Когда самый надежный слуга сказал Мазену бин Малику, что его старший брат вернется домой в первый час заката, он ожидал (вполне естественно), что старший брат вернется в первый час заката.
Омар никогда не возвращался с охоты утром, а дни он обычно проводил со своими ворами. Вот почему в тот момент, когда Омар распахнул двери спальни Мазена, тот как раз вылезал из окна. Когда Омар зашел внутрь, Мазен сообразил, что совершил серьезный промах, не учтя возможности раннего возвращения брата.
Он попытался увидеть картину глазами старшего принца: он, самый младший сын султана, одет как простолюдин и тайком вылезает из окна своей спальни в разгар дня. Когда его вот так поймали в прошлый раз, он был еще мальчишкой и изображал искателя приключений. Надо полагать, такой предлог не покажется столь же милым сейчас, когда его предложит мужчина двадцати двух лет.
Мазен кашлянул:
– Салам, Омар.
Одна бровь Омара выгнулась так, что лоб наморщился.
– Салам, Мазен.
– Как поохотился?
– Нашел обе цели.
Омар указал на свою одежду: вышитую тунику, заправленную в шаровары, подпоясанные ремнем с ножами. Серебряная кровь джиннов, заляпавшая его одежду, больше походила на мерцающую звездную пыль, а не на сгустки крови.
– Ты сверкаешь, словно луна, брат мой.
Мазен попытался улыбнуться.
– Хоть я и оценил твою лесть, меня больше интересует правда. – Омар закрыл за собой дверь. – Может, проще поговорить в доме?
– Но в доме так душно…
– Отец знает, что ты собрался улизнуть?
Мазен замер. Нет, отец, конечно, не в курсе. Если он об этом пронюхает (про любую из тайных вылазок Мазена), то навсегда запрет его в комнате. Безвылазно сидеть во дворце плохо, но безвылазно сидеть у себя в комнате? Мазен просто умрет!
Он выдавил из себя смешок.
– Я не пытался сбежать! Я просто дышал свежим воздухом.
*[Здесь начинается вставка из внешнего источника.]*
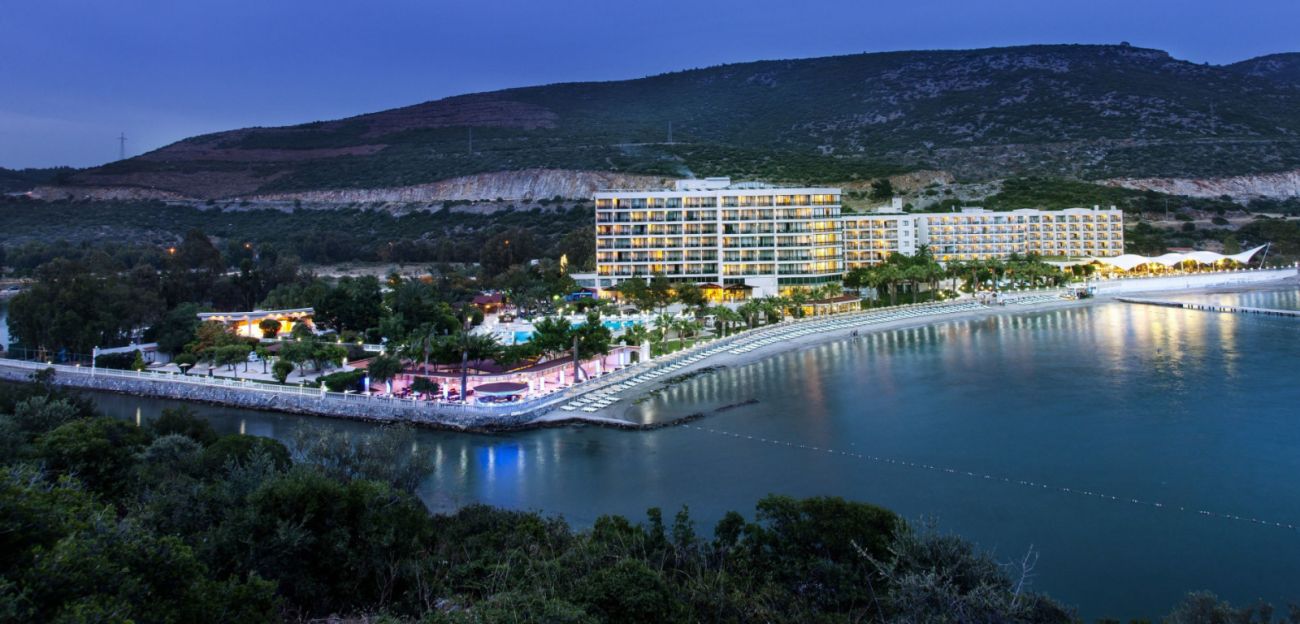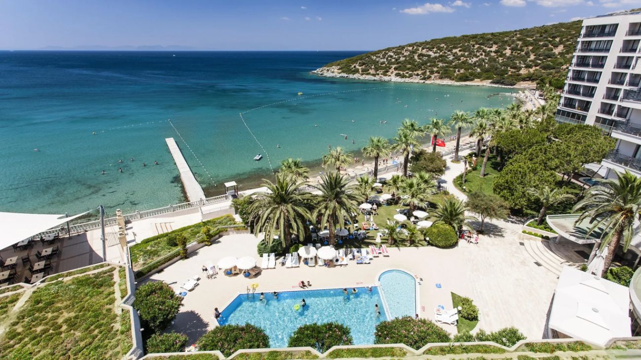 Хотелът се намира на 60 км от летище Измир, на 130 км от летище Милас, на 5 км от центъра на Кушадасъ, на брега на морето. Разположен сред градина с панорамна гледка към залива. Последно реновиран през 2014 г.

– Опасно высунувшись из окна?
– Ничего опасного. Эта занавеска на удивление прочная.
– Значит, ты часто сбегаешь, м?
Омар шел к нему, сцепив руки за спиной.
Мазен посмотрел на кинжалы на поясе брата и судорожно сглотнул. Его внутренний ребенок, все еще боявшийся брата, испугался, что Омар может выхватить кинжал и разрезать занавеску.
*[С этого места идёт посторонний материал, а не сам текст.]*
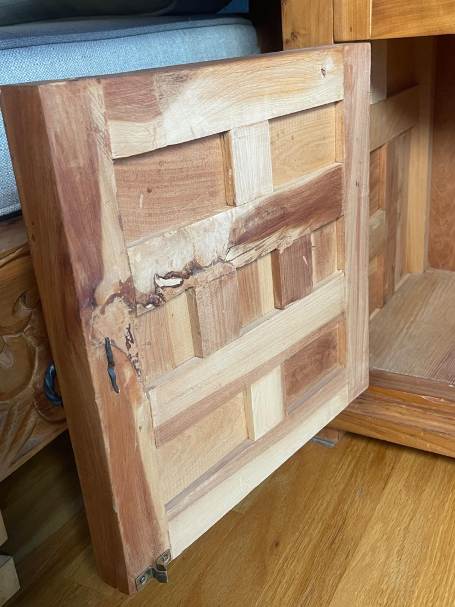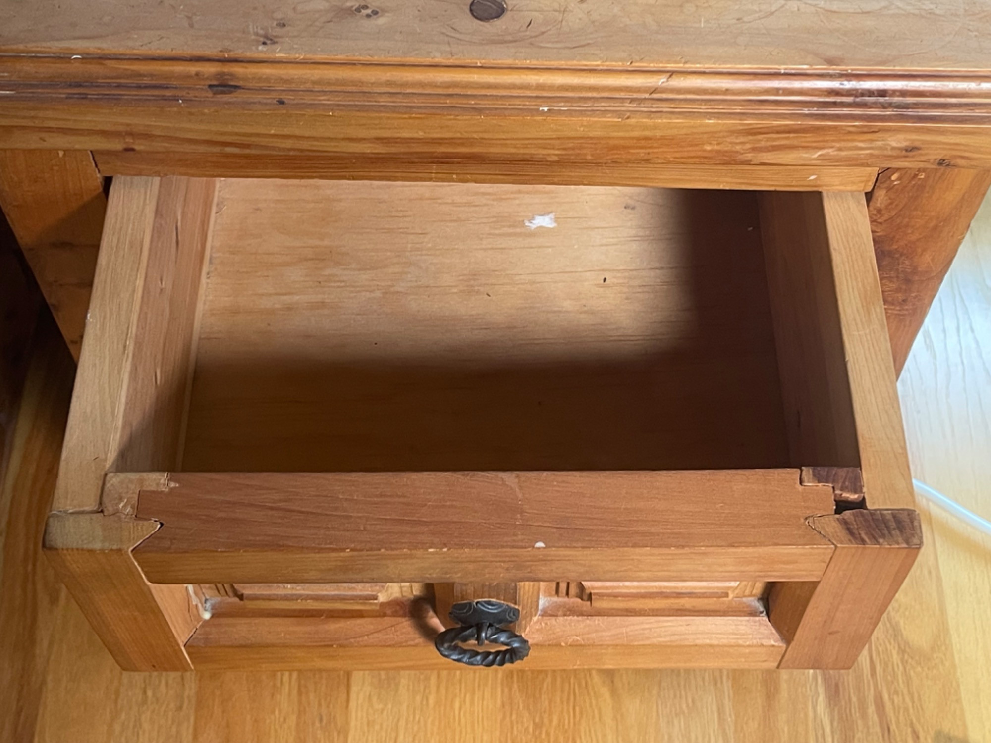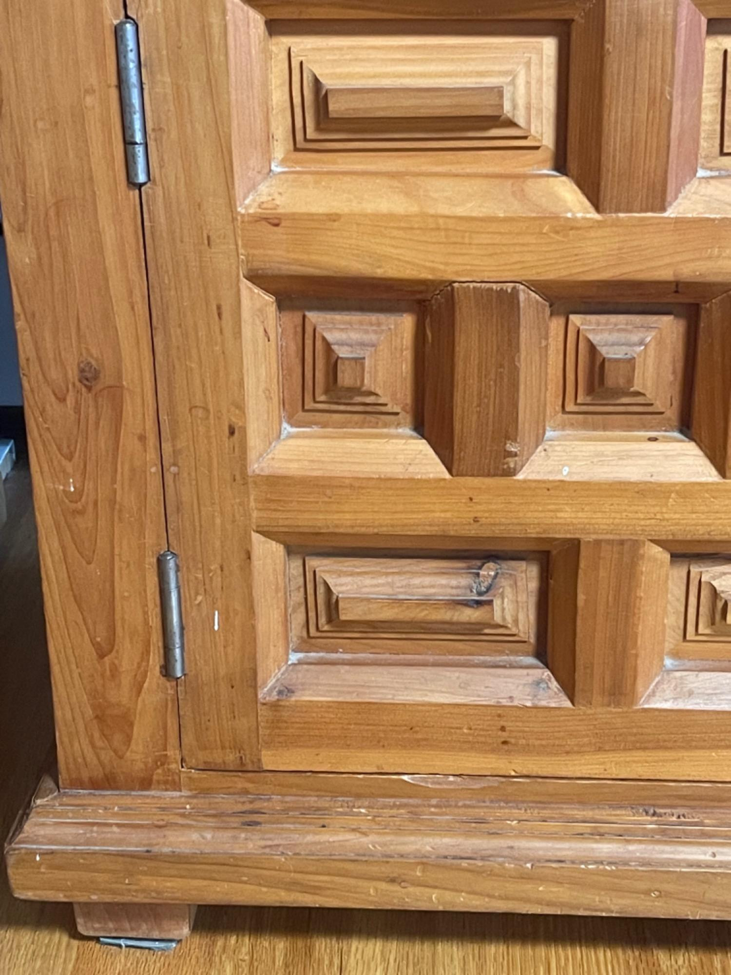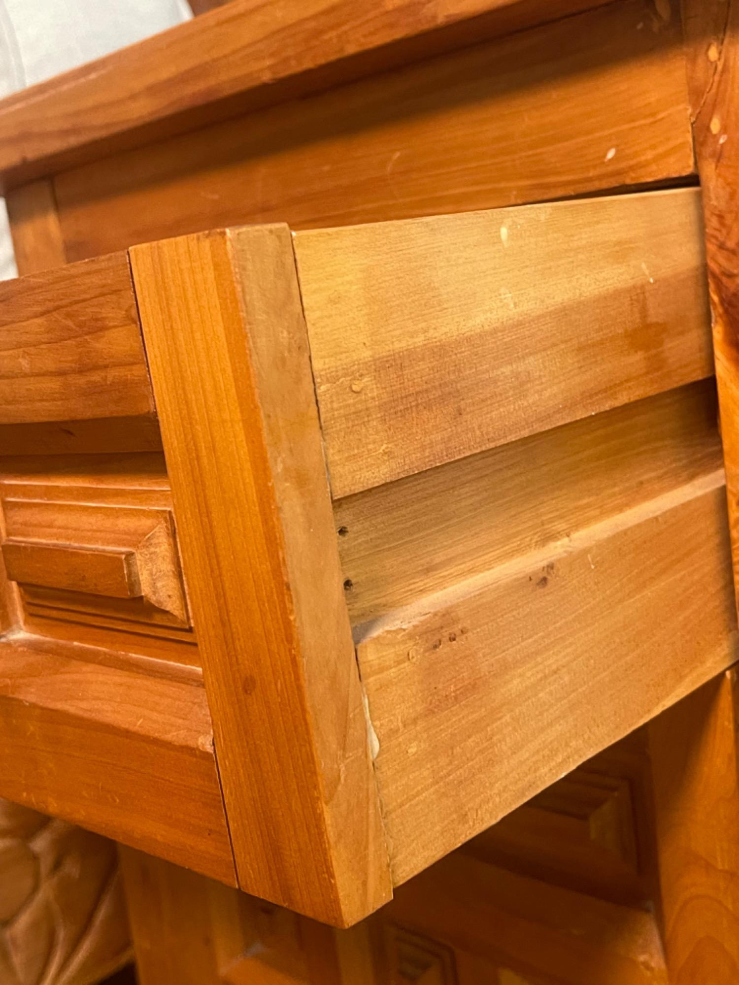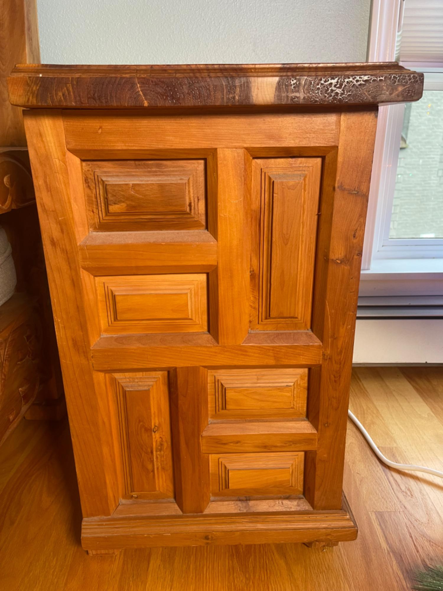 Vintage Hand Carved Solid Wood Side Table From Mexico This piece is solid wood so it is very HEAVY. You will need to make sure to bring the proper personnel and tools to safely remove this from property. Wood has multiple scratches, scuffs and stains, but is holding together beautifully.

– Так что это было? Собрался навестить женщину? – Омар остановился у подоконника и подался вперед, так что его улыбка оказалась всего в ладони от лица Мазена. – Собрался осматривать город? Задумал какую-то гнусность?
– Ничего подобного! – Мазен крепче вцепился в занавеску, игравшую роль каната. – Я просто… Я услышал, что сегодня в Мадинну возвращается Старый Руба.
Омар изумленно на него уставился.
– Ты сбегал, чтобы послушать, как старик рассказывает сказки?
– Он же из Белых дюн, Омар! Из БЕЛЫХ ДЮН!!! Ты же знаешь, что говорят про пески тех мест. Эти дюны – прах гулей, которые…
– Ладно. – Омар со вздохом отстранился. – Беги. Иди и слушай, как старики треплют языками.
Мазен заморгал:
– Ты не скажешь отцу?
– Это будет наш секрет. – Омар улыбнулся. – Но не даром, конечно. – Прежде чем Мазен успел запротестовать, Омар вскинул руку и добавил: – У тебя выбора нет. Либо ты заплатишь мне за молчание, либо я сейчас уйду и все расскажу султану.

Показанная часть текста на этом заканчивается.